3 comments

Quick Energy Shot

Quick Energy Shot bottle

Quick? Yes. Healthy? Probably not. Energy? Hold on to your underwear.

I found this garish monstrosity on an adventure to find beer a few weeks ago. After being promised ‘Quick. HEALTHY. ENERGY.’, I couldn’t resist inviting it back to my flat with the intention of letting it slide itself inside me.

See, now I feel dirty.  Anyway.

One thing that I’ve learned from my experience with energy shots is that they taste really quite bad.  This is to be expected – generally, psychoactive chemicals don’t taste very good at all, so a strong flavouring gets added – but this stuff took me by surprise.  It’s very similar to drinking neat orange squash – very sickly, quite persistent but not entirely unpleasant, and for an energy shot that’s pretty high praise.

One thing that I’ve decided to do with these energy shots is to actually take a look at the liquids themselves.  This is no exception, so I poured it out into a shot glass emblazoned with the Jack Daniels logo – in the hopes that Almighty Jack, our Lord and Saviour of shitty clubnights, might look down from on high and bless this endeavour.  And by ‘bless this endeavour’, I do of course mean ‘stop me from getting a massive fucking heart attack’.

Fortunately, I’m still writing, so I must have done something right.

Quick Energy Shot liquid

This stuff is the colour of unicorn piss.

It’s pale pink.  This is surprising considering how strong it tastes, but the surprise fades when you remind yourself that absolutely nothing natural is dissolved in it.  This is a glass of industry, a glass full of Robert Louis Stephenson’s vision of a mechanised Utopia.  Which is interesting, considering it’s essentially WD-40 for the brain.

And how.  Rocket-powered uplift, which plateaus for about three hours, followed by a gradual return to normal energy levels.  If you can brave the very brief OH GOD MY FACE IS MELTING as the stimulants kick in, you’ll be set to go without any significant discomfort.

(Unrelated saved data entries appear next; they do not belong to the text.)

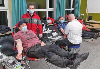 Andreas Herzog (li.) war zum zweiten Mal dabei, Norbert Leidig (hinten) ist mit 46 Spenden schon ein „alter Hase“. Betreut wurden sie von Angehörigen der Rotkreuz-Bereitschaft Birken-Honigsessen in der örtlichen Grundschule.
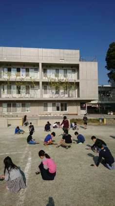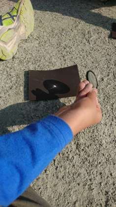 今日は、太陽が燦々と照っていて、実験日和です。初めはなかなか光が集まりません。円にならなかったり、大きな円になったりしてしまいます。いろいろ試しているうちに、うまくいく子が出てきて、何となく全体にもそのコツが伝わっていきます。あちこちで、黒い紙から煙が出始めました。子供たちは、「煙が出た!」と、大興奮!「絶対に触らないように!」先生から再度の注意が入ります。気を付けて!
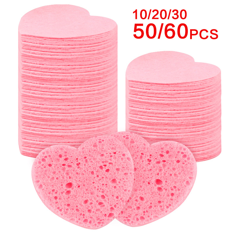 清洁木浆棉洗脸扑卸妆一次性洗脸海绵多色心形压缩洗脸扑
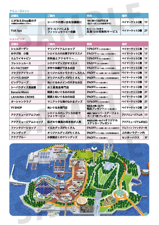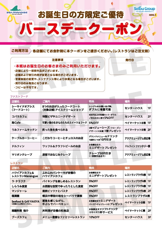 また、当日チケットを引換えの際に、島内各所で使えるお買いもの・お食事の割引券「バースデークーポン」をプレゼントいたします。
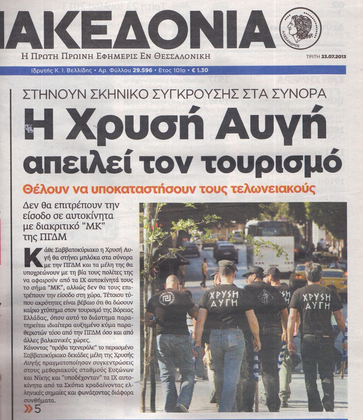 «Δεν θα επιτρέψουν την είσοδο σε αυτοκίνητα με διακριτικό «ΜΚ» της ΠΓΔΜ. Κάθε Σαββατοκύριακο η Χρυσή Αυγή θα στήνει μπλόκα στα σύνορα με την ΠΓΔΜ και τα μέλη της θα υποχρεώνουν με τη βία τους πολίτες της να αφαιρούν από τα ΙΧ αυτοκίνητά τους το σήμα ‘ΜΚ’, αλλιώς δεν θα τους επιτρέπουν την είσοδο στη χώρα. Τέτοιου τύπου ακρότητες είναι βέβαιο ότι θα δώσουν καίριο χτύπημα στον τουρισμό της Βόρειας Ελλάδας, όπου αυτό το διάστημα παρατηρείται ιδιαίτερα αυξημένο κύμα παραθεριστών τόσο από την ΠΓΔΜ όσο και από άλλες βαλκανικές χώρες. Κάνοντας «πρόβα τζενεράλε» το περασμένο Σαββατοκύριακο δεκάδες μέλη της Χρυσής Αυγής πραγματοποίησαν συγκεντρώσεις στους μεθοριακούς σταθμούς Ευζώνων και Νίκης και «υποδέχονταν» τα ΙΧ αυτοκίνητα από τα Σκόπια κραδαίνοντας ελληνικές σημαίες και φωνάζοντας διάφορα συνθήματα.»
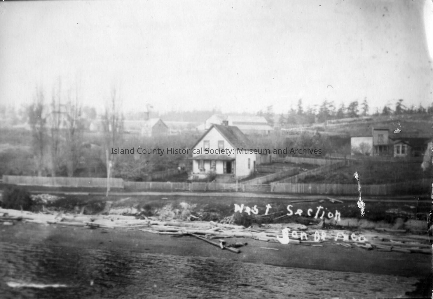 Photo featuring a large white house on the beach, front of photo reads: West Section San de Fuca.
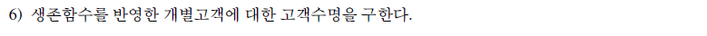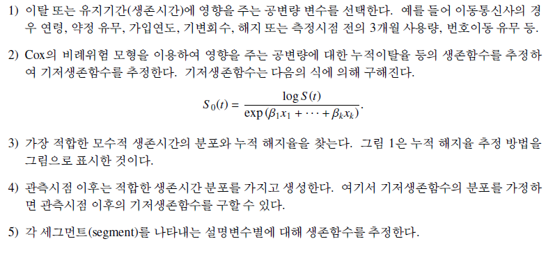 즉 각각 동질의 고객들로 이루어진 세그먼트의 과거 그 기업의 상품을 이용한 기간 동안의 정보를 기반으로 생존함수를 구해 각 개별 고객의 미래이용기간을 예측함으로써 각 개별 고객이 그 회사에 남아 있을 전체 수명을 예측하는 방법이다

I like this stuff.  Of all the energy shots that I’ve had, this is the best, even if its packaging does look like it was designed by a twelve year old with a copy of MS Paint and a pirated version of Illustrator circa 2001.

Pingbacks to “Quick Energy Shot”

  1. Relentless Energy Shot « Don't Sleep, Dave!

3 comments to “Quick Energy Shot”

  1. Button says:

    Sounds good. May have to try it!

    Looking at the fridge, I’ve tried some of them. Relentless shots = *fidget*

  2. SteveJ says:

    Dunno about you, but this stuff gave me a terrifying case of “Niacin Flush”. I turned bright red and itchy and hot. “Making me look like I have scabies” is not something I look for in a drink.